• [WHAT IS BEING ASKED]: The data is to be repeated exactly, with the images removed.

* * * * * * * * *

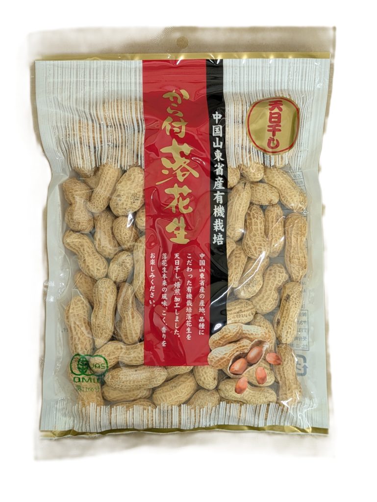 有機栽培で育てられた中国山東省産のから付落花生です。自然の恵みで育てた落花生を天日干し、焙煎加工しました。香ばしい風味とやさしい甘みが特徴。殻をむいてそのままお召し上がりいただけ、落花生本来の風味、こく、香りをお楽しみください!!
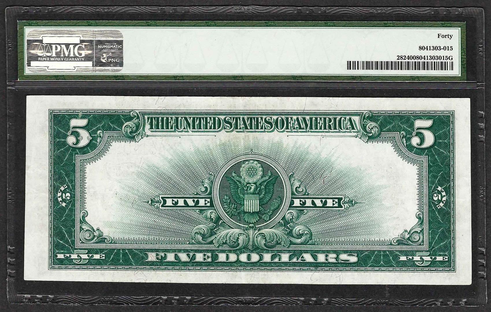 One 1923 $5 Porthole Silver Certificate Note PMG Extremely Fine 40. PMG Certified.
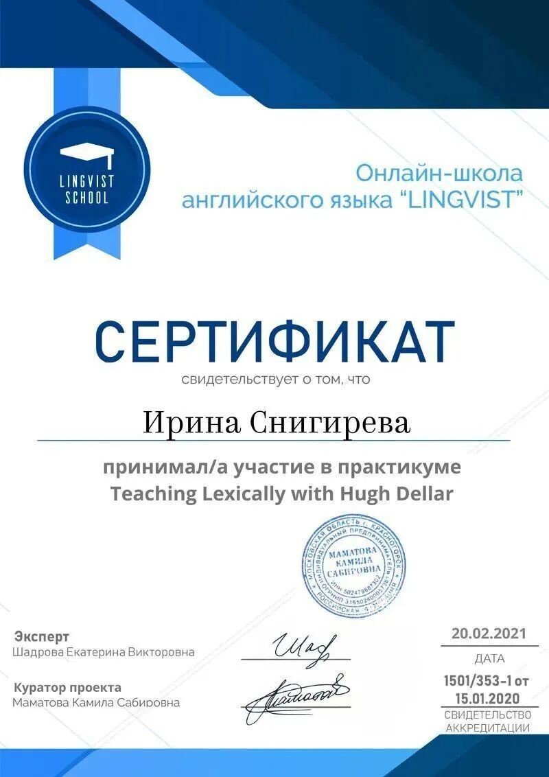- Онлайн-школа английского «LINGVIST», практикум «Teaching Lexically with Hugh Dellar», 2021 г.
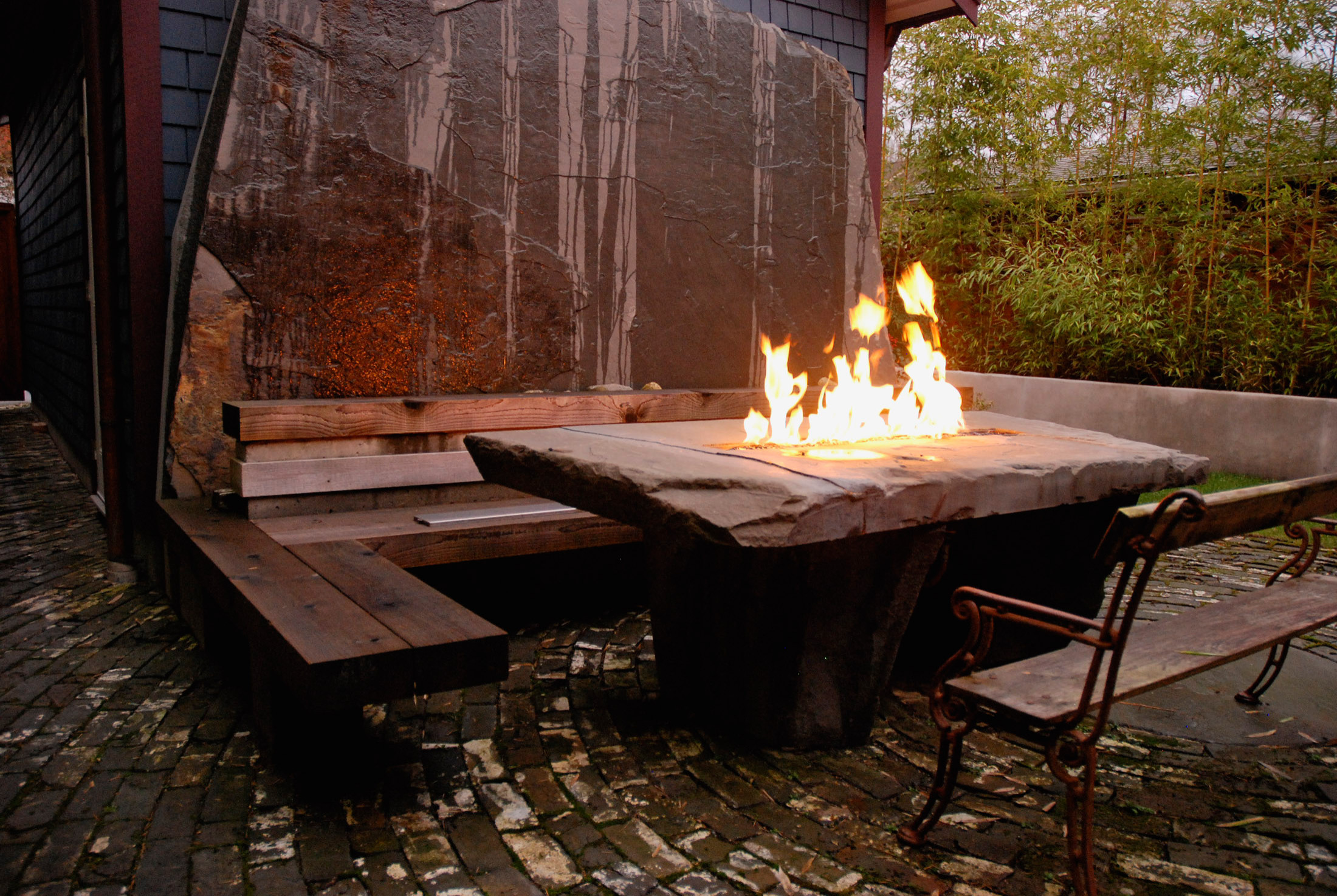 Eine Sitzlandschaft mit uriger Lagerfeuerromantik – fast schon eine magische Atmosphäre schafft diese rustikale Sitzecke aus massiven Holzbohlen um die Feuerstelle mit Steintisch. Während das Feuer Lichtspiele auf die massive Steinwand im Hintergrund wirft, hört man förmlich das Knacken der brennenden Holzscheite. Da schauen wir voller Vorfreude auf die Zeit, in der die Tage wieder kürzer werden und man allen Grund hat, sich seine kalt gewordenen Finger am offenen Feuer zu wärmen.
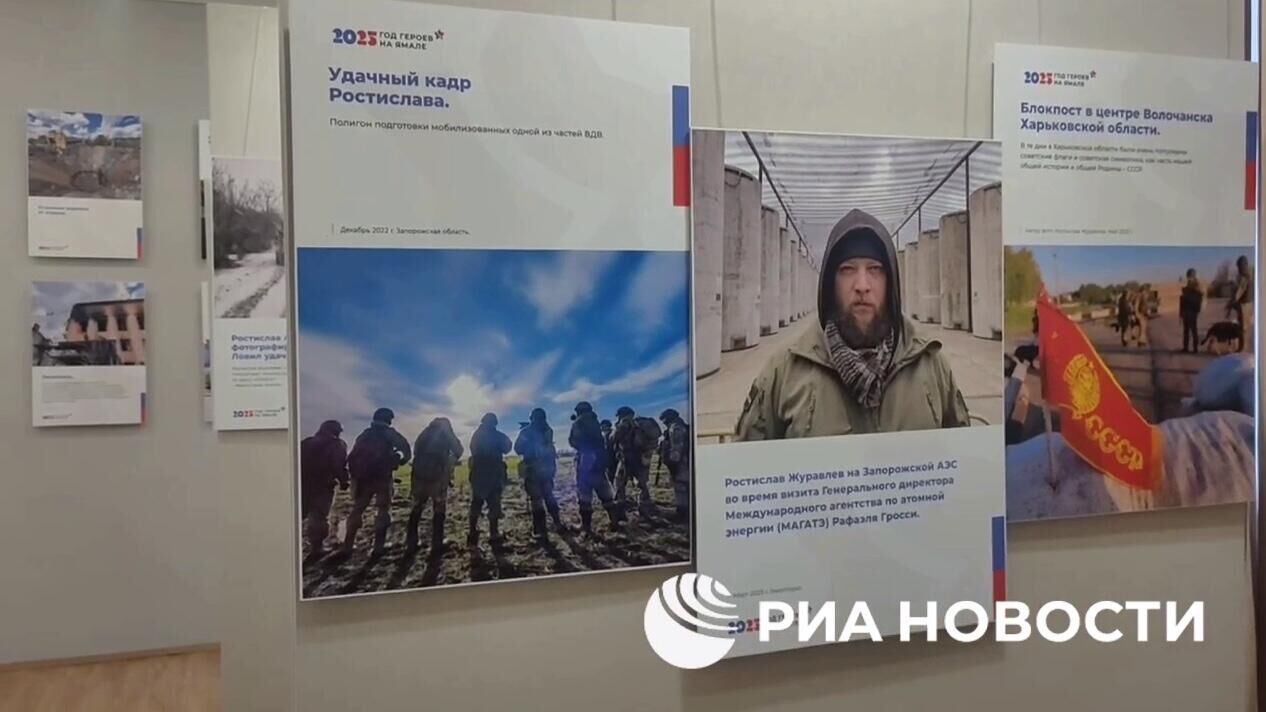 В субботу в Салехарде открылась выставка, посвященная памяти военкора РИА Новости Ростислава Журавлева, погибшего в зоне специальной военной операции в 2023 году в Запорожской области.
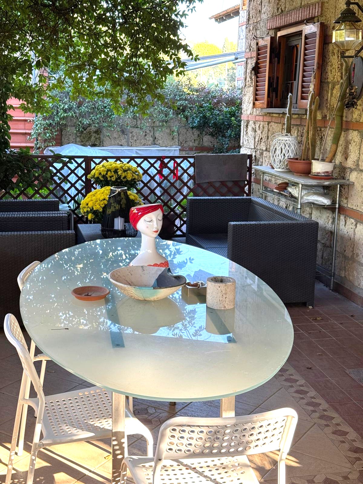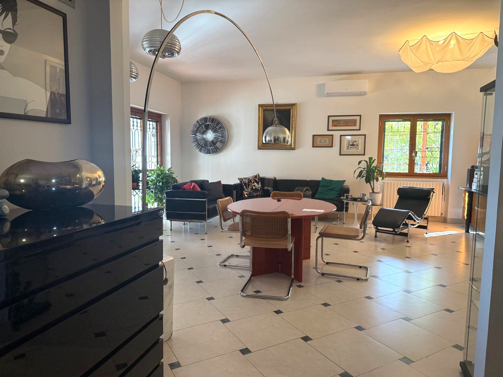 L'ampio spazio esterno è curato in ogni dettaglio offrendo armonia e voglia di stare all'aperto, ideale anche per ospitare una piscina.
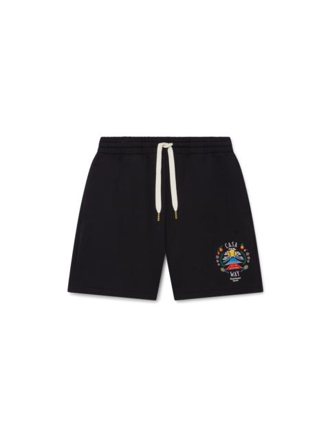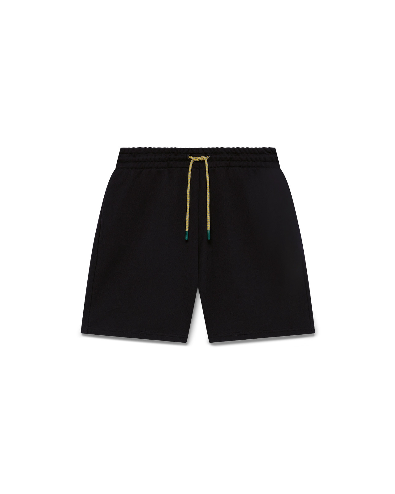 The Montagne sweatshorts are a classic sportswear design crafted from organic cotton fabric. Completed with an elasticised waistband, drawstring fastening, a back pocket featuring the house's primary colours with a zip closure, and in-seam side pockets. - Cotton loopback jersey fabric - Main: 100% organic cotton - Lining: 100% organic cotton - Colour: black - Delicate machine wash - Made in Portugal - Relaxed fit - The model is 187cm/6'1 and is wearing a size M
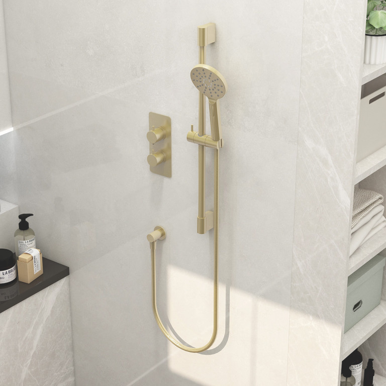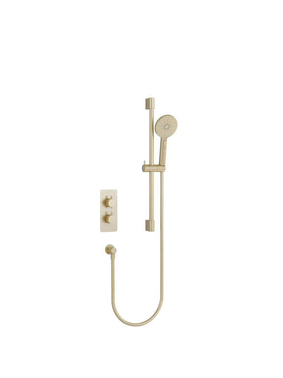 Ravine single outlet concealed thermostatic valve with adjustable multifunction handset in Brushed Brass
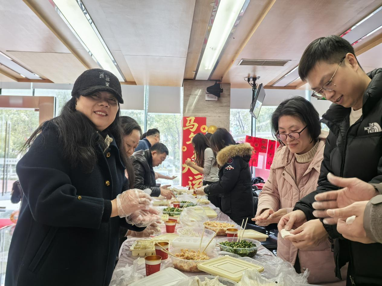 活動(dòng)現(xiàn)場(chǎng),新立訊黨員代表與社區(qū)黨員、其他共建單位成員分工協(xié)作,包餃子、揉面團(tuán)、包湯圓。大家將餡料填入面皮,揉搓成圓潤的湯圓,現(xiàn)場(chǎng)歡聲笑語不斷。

* * * * * * * * *

• [TASK RESPONSE]:
 有機栽培で育てられた中国山東省産のから付落花生です。自然の恵みで育てた落花生を天日干し、焙煎加工しました。香ばしい風味とやさしい甘みが特徴。殻をむいてそのままお召し上がりいただけ、落花生本来の風味、こく、香りをお楽しみください!!
 One 1923 $5 Porthole Silver Certificate Note PMG Extremely Fine 40. PMG Certified.
- Онлайн-школа английского «LINGVIST», практикум «Teaching Lexically with Hugh Dellar», 2021 г.
 Eine Sitzlandschaft mit uriger Lagerfeuerromantik – fast schon eine magische Atmosphäre schafft diese rustikale Sitzecke aus massiven Holzbohlen um die Feuerstelle mit Steintisch. Während das Feuer Lichtspiele auf die massive Steinwand im Hintergrund wirft, hört man förmlich das Knacken der brennenden Holzscheite. Da schauen wir voller Vorfreude auf die Zeit, in der die Tage wieder kürzer werden und man allen Grund hat, sich seine kalt gewordenen Finger am offenen Feuer zu wärmen.
 В субботу в Салехарде открылась выставка, посвященная памяти военкора РИА Новости Ростислава Журавлева, погибшего в зоне специальной военной операции в 2023 году в Запорожской области.
 L'ampio spazio esterno è curato in ogni dettaglio offrendo armonia e voglia di stare all'aperto, ideale anche per ospitare una piscina.
 The Montagne sweatshorts are a classic sportswear design crafted from organic cotton fabric. Completed with an elasticised waistband, drawstring fastening, a back pocket featuring the house's primary colours with a zip closure, and in-seam side pockets. - Cotton loopback jersey fabric - Main: 100% organic cotton - Lining: 100% organic cotton - Colour: black - Delicate machine wash - Made in Portugal - Relaxed fit - The model is 187cm/6'1 and is wearing a size M
 Ravine single outlet concealed thermostatic valve with adjustable multifunction handset in Brushed Brass
 活動(dòng)現(xiàn)場(chǎng),新立訊黨員代表與社區(qū)黨員、其他共建單位成員分工協(xié)作,包餃子、揉面團(tuán)、包湯圓。大家將餡料填入面皮,揉搓成圓潤的湯圓,現(xiàn)場(chǎng)歡聲笑語不斷。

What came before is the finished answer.